The Court of International Trade granted the Commerce Department's request to re-review its decision to deny 15 exclusion requests from Section 232 steel and aluminum tariffs, in a Feb. 1 order. Plaintiff NLMK Pennsylvania had consented to the request, even though Commerce's offer only covered 15 of the 54 total exclusion denial challenges made by NLMK. In its order, CIT did shorten the amount of time Commerce has to review the 15 cases from 150 days, as requested by the agency, to 106 days.
Proposed defendant-intervenor U.S. Steel Corporation will appeal a December 2021 Court of International Trade decision that denied the company the right to intervene in a Section 232 exclusion denial challenge. U.S. Steel will take the case to the U.S. Court of Appeals for the Federal Circuit, according to the Feb. 1 notice of appeal. In the decision, the trade court said that U.S. Steel cannot intervene since it won't be directly affected by the case's outcome and that any harm the company would experience as a result of a Section 232 exclusion being granted would be indirect since the company has no right to the sale of the covered products (see 2112060021) (NLMK Pennsylvania LLC v. United States, CIT #21-00507).
An auto parts importer said the Department of Justice is overcomplicating and misstating the use of its diesel engine nitrogen oxide (NOx) sensors in defense of CBP's classification of the sensors as instruments for chemical analysis under Harmonized Tariff Schedule heading 9027. In a brief filed Jan. 31, Continental Automotive Systems says the NOx sensors, used to measure the amount of nitrogen oxide for emissions purposes, are instead provided for in heading 9026 as measurement devices (Continental Automotive Systems, Inc. v. U.S., CIT #18-00026).
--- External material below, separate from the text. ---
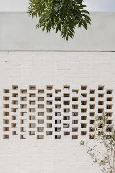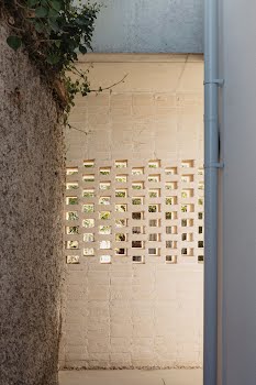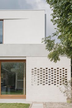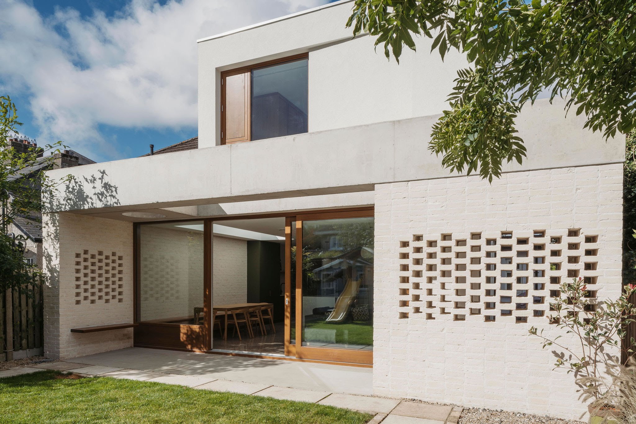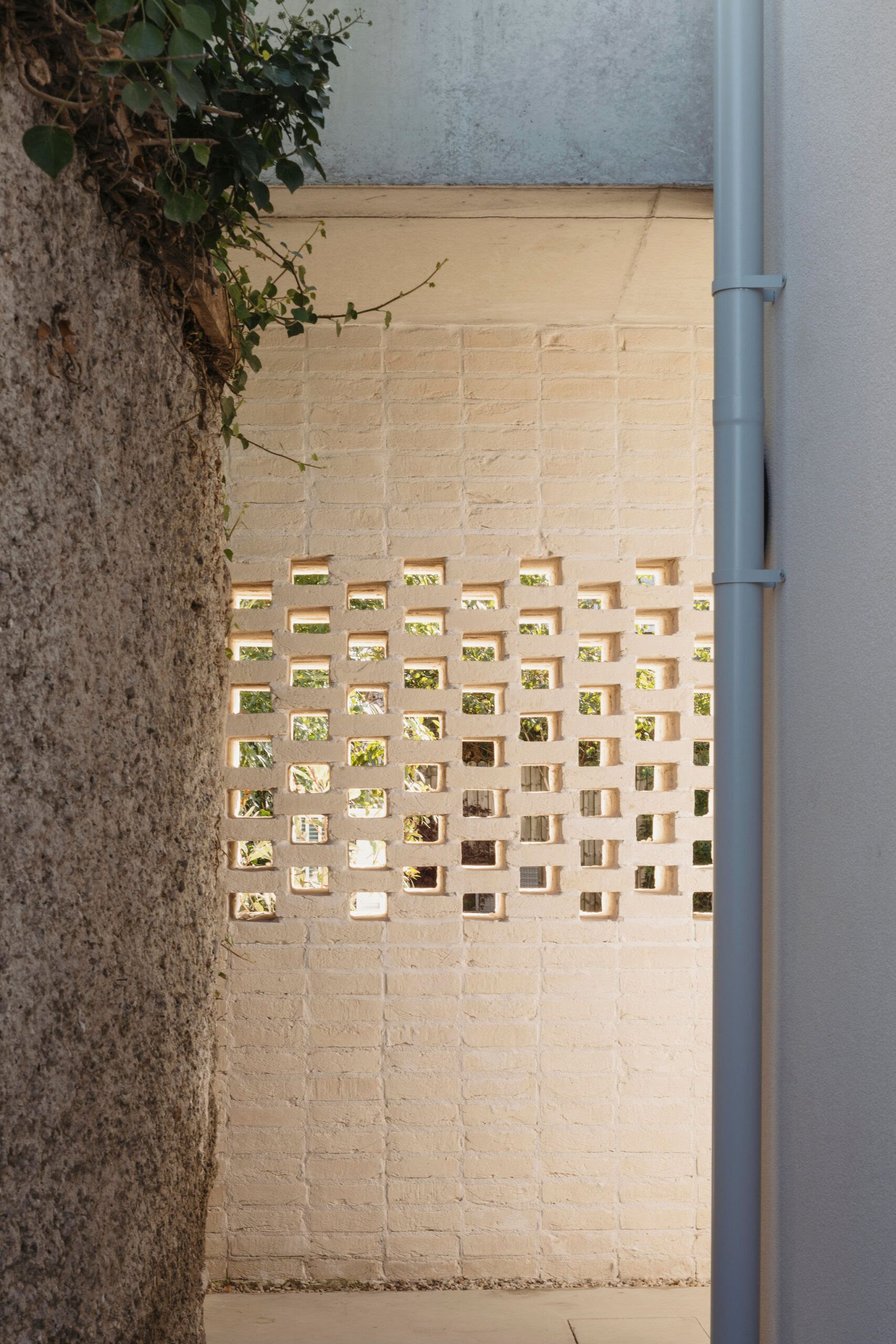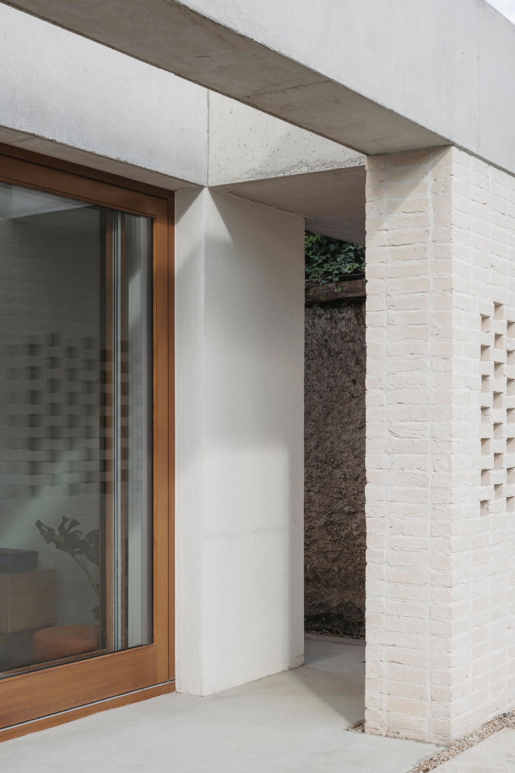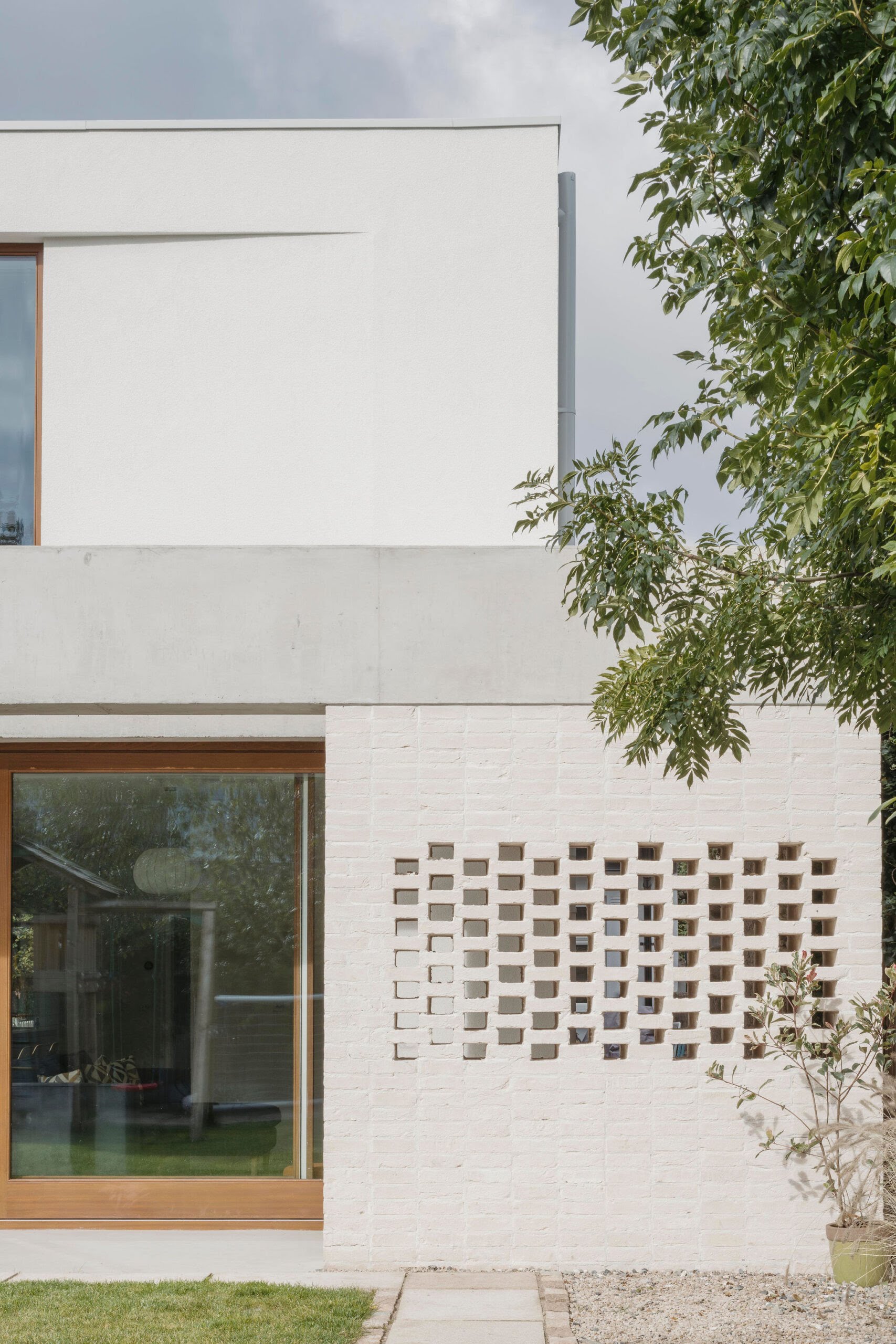 “The brick to the rear reflects the brick to the front of the house, even if it is very different in application and colour. This change in tone ensured a neutral textured backdrop for the small garden, which could easily have been overpowered by a stronger coloured brick. The brick piers also screen the functional side passage to the utility room, integrating the division of the garden into the design.”

Plaintiffs who challenged CBP's liquidation of their entries subject to a pending Enforce and Protect Act investigation are considering a challenge to the Commerce Department's final decision in a related scope ruling, they said in a Jan. 31 status report at the Court of International Trade. The scope inquiry found Vietnam Finewood and Far East American's hardwood plywood products are subject to the antidumping and countervailing duties on hardwood plywood from China (see 2201280051). Subsequently, and after the entries liquidated, CBP said that FEA and a third plaintiff, InterGlobal Forest, evaded the orders. The two now have 30 days to request a review of the EAPA determination. The government, joining the plaintiffs on the status report, says a resolution of this review is expected in June, and so the next status report should be set for a time after this review. The plaintiffs, meanwhile, said that the next status report should come in the next 30 days "after Finewood and FEA have fully considered their appeal against Commerce’s scope determination," the status reports said (Vietnam Finewood Company Limited v. United States, CIT #20-00155).